--- Given records Enclosed Below ---

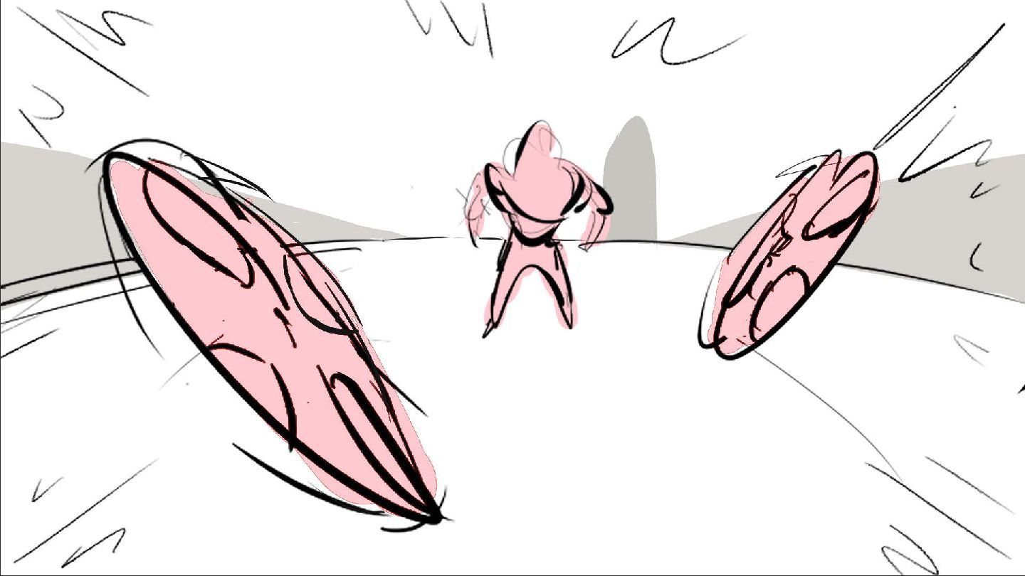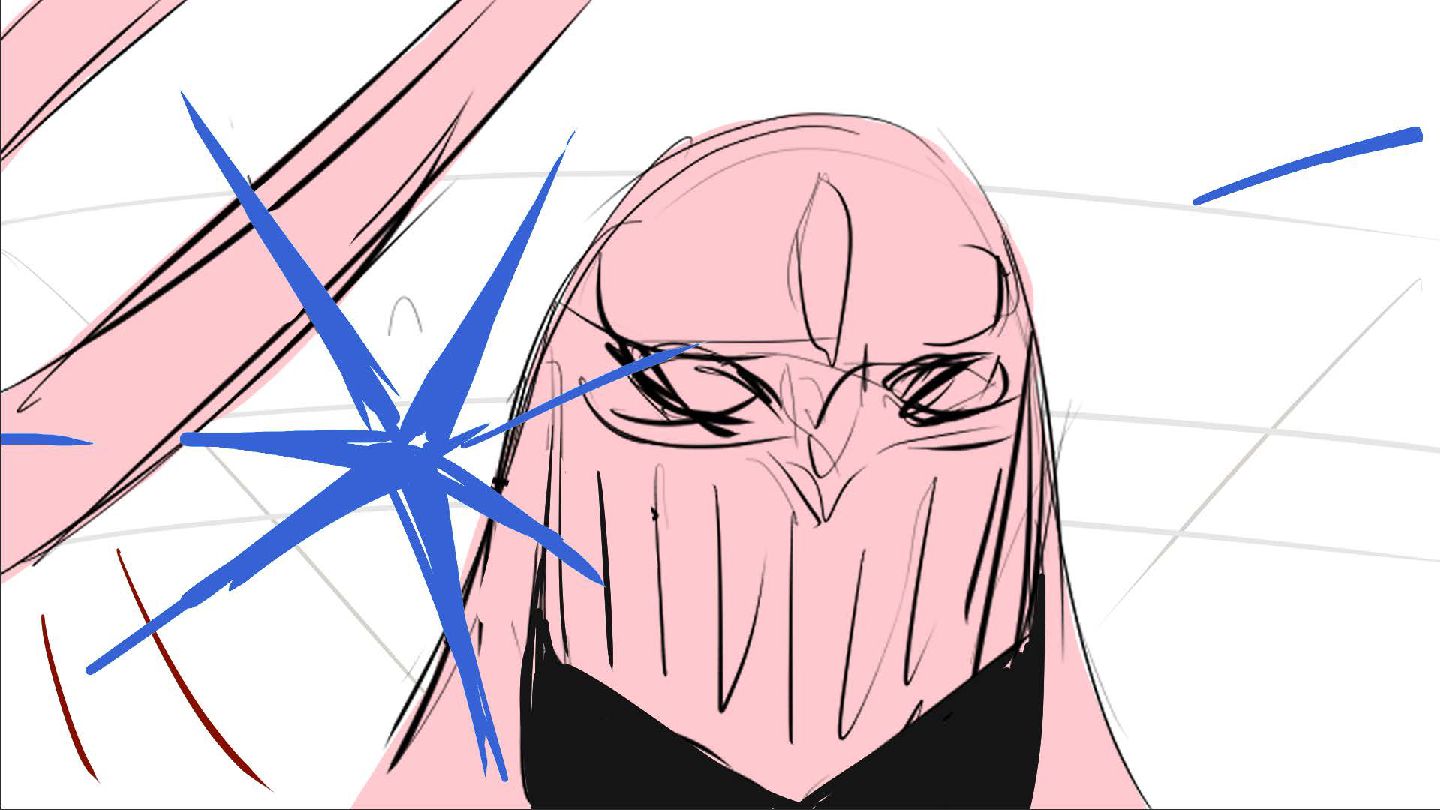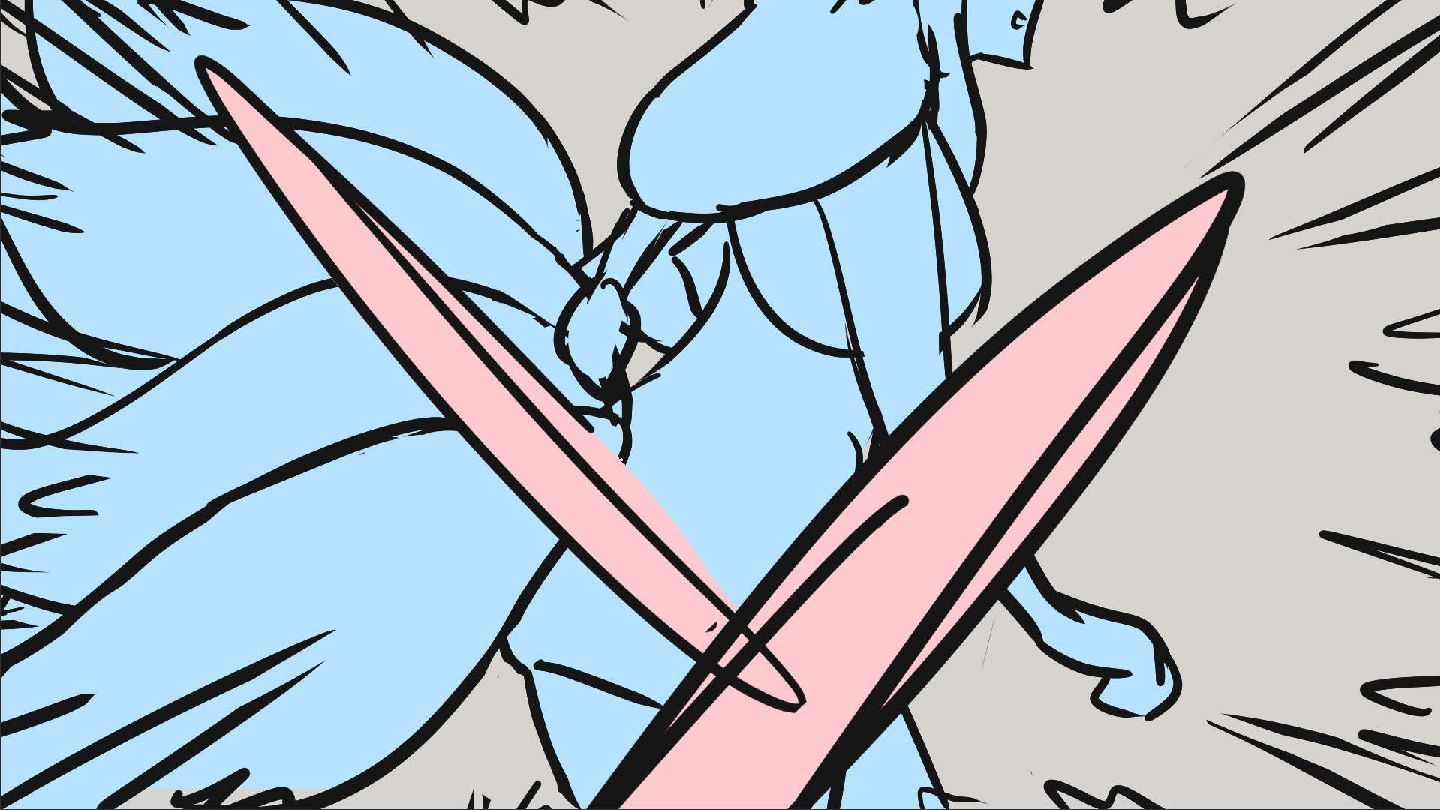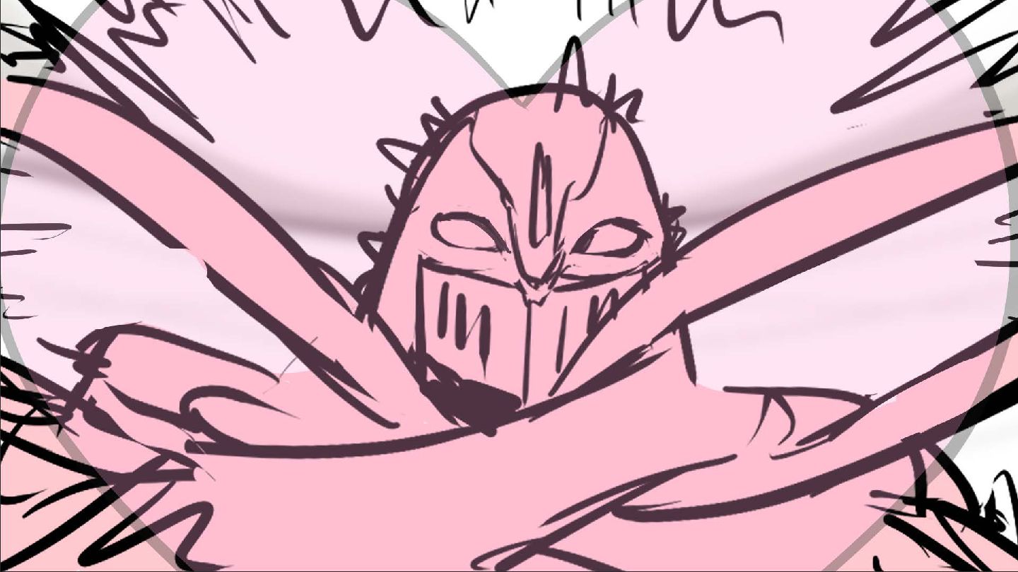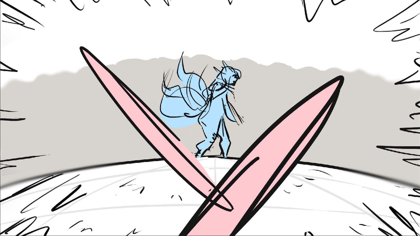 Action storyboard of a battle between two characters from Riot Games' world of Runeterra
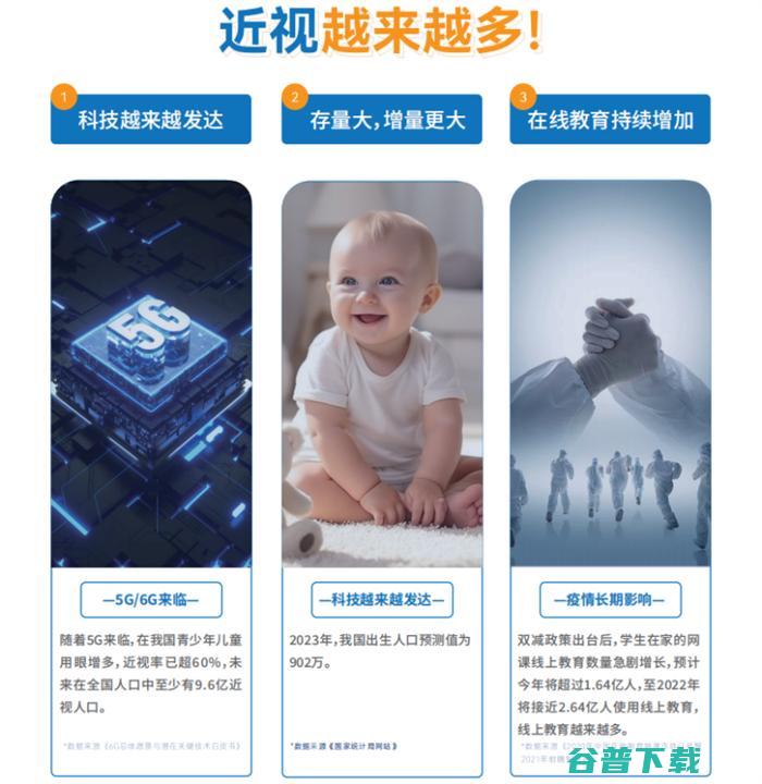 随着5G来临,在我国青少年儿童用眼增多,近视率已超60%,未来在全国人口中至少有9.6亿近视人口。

--- End of Enclosed Given records ---
--- Given records Enclosed Below ---

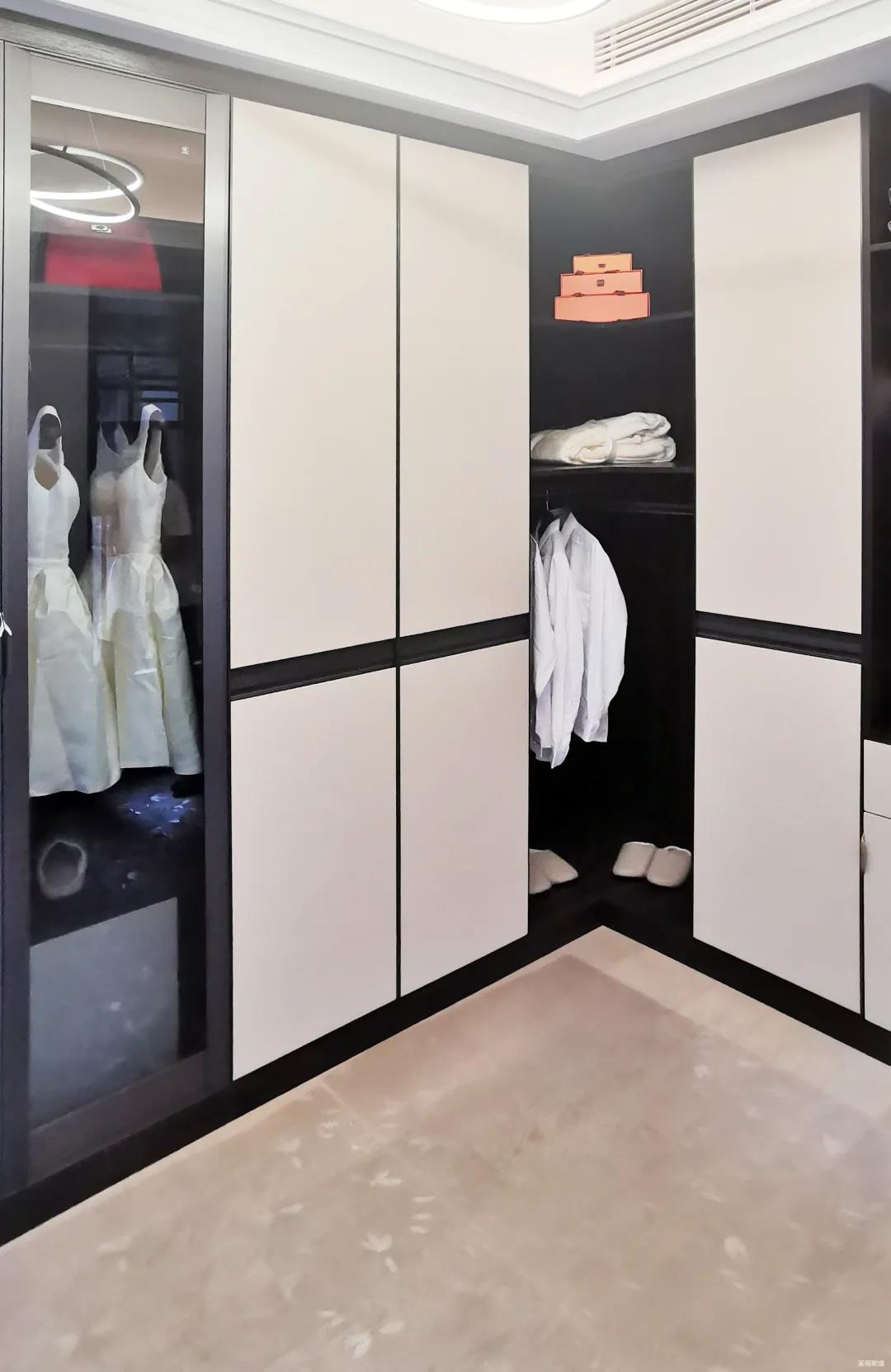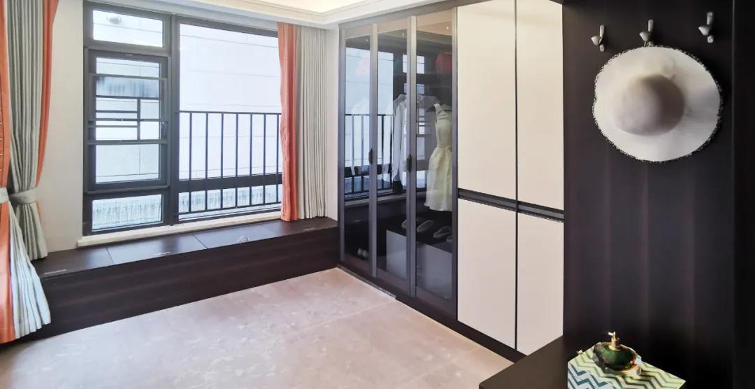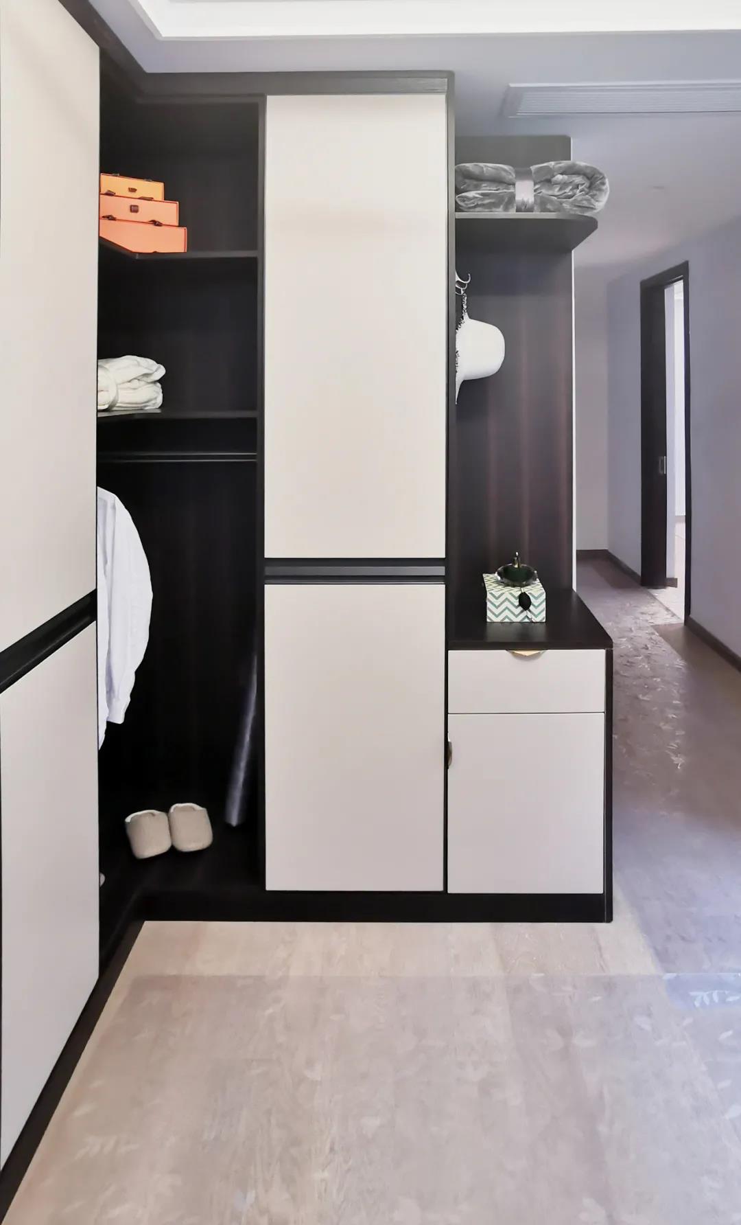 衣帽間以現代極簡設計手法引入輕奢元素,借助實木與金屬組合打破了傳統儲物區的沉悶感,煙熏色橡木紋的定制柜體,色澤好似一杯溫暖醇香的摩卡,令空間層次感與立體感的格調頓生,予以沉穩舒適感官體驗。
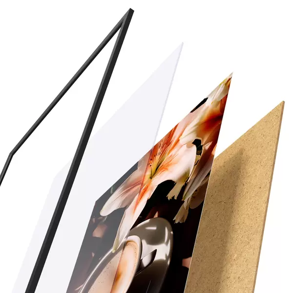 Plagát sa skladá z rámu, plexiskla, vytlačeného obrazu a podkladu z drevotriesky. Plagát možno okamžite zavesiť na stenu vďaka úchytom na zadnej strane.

--- End of Enclosed Given records ---

◆ What the task asks ◆
Looking above, find the stretch of lines that opens with the one holding "Action storyboard of" and closes with the one holding "随着5G来临,在我国青少年儿". Copy it exactly, pictures excluded.

◆ Result below ◆
 Action storyboard of a battle between two characters from Riot Games' world of Runeterra
 随着5G来临,在我国青少年儿童用眼增多,近视率已超60%,未来在全国人口中至少有9.6亿近视人口。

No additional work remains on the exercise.